The court found that California law applied by examining the choice-of-law provision in the original employment contract and determining the intent of the parties at the time employment started. The issue at hand was “a dispute about the terms and conditions of the employment relationship and the parties agreed and intended that disputes about their employment relationship would be governed by California law,” the district court said.
A change in a commission plan reduced a salesman's salary despite a signed employment contract and severance pact.
The salesman appealed the decision, claiming that Maine law applied because he performed most of his services in Maine. The employer claimed that California law applied because it was based in California.
If Maine governed the decision, then the employee would be owed triple his wages as damages, but if California governed the decision, he would be owed an additional 30 days of his wages as damages.
ISSUE: Which state governs the employee's claim for final wages?
DECISION: Maine state law governed the employee's claim for final wages and the employee was owed his wages plus damages, a federal appeals court ruled.

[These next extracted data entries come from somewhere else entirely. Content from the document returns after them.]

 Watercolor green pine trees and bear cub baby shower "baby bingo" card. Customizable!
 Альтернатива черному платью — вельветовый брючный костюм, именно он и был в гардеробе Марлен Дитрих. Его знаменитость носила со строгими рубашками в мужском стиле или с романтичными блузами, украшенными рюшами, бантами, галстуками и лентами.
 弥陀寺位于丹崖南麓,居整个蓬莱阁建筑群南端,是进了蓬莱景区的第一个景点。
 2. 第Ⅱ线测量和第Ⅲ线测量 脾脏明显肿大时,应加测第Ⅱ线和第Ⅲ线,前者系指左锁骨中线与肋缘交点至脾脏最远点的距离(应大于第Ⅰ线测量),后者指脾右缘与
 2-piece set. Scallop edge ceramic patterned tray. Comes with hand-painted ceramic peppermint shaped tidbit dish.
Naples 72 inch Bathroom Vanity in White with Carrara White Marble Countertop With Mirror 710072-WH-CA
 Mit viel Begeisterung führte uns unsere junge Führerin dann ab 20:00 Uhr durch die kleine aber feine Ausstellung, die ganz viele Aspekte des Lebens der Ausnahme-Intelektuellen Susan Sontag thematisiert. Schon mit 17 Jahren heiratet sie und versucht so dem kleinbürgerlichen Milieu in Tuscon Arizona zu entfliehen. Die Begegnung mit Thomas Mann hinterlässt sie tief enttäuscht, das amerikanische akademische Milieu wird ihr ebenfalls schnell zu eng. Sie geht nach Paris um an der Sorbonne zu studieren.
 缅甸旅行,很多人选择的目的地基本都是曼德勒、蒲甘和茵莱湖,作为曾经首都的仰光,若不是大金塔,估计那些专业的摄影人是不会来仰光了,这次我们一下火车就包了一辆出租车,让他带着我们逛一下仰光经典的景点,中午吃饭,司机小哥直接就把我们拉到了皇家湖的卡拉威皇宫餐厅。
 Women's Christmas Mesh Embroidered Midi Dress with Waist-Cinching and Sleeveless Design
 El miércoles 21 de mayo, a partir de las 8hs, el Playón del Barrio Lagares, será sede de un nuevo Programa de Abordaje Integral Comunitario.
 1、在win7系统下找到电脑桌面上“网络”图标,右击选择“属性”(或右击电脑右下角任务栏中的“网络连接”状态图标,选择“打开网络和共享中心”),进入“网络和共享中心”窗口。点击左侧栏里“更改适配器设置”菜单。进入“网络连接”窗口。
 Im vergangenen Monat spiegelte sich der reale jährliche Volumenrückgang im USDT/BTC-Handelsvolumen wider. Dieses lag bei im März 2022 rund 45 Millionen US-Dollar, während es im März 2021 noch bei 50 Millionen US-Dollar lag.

The original contract did not cover the change in the incentive plan and no contract resolved the choice-of-law issues, the court said. The court considered Maine's law but found it provided “no certain answer.”
The court consulted a restatement of legal subjects produced by the American Law Institute that offers insight for judges and lawyers. One subdivision, Section 196, resolves choice-of-law issues in the absence of a clear resolution by the employee and employer. The section “looks primarily to where the party rendering services renders those services, not to where the party paying for the services operates,” the court said. It rejected the employer's argument that the California choice-of-law provision was triggered because its obligations were performed in California.
Although Maine does not expressly follow Section 196, the nature of the state's law matched the section's focus on the place where the employee performed services, the court said. The court took into account Section 626 of Maine's wage-payment law and its “intent to protect employees from employers who fail to pay wages,” the court said.
“We doubt that Maine's highest court would find that a company procuring services from a Maine resident performed mostly in Maine can avoid compliance with Maine's fair wage laws merely because the company procuring the services conducts its own operations outside of Maine,” the court said (Dinan v. Alpha Networks, Inc.,2014 BL 2307552, 1st Cir., No. 13-1976, 8/20/14).
POINTERS:Under Maine law, employers must pay wages to discharged employees or employees who quit on the next regular payday or within two weeks upon demand, whichever is earlier. Under California law, employers must pay wages at the time they discharge employees. They must pay employees who give 72 hours' advance notice of their intention to quit and who quit on the day given in the notice when the workers end their employment.
This analysis illustrates how courts resolve pay-related disputes. The names and dialogue are fictitious.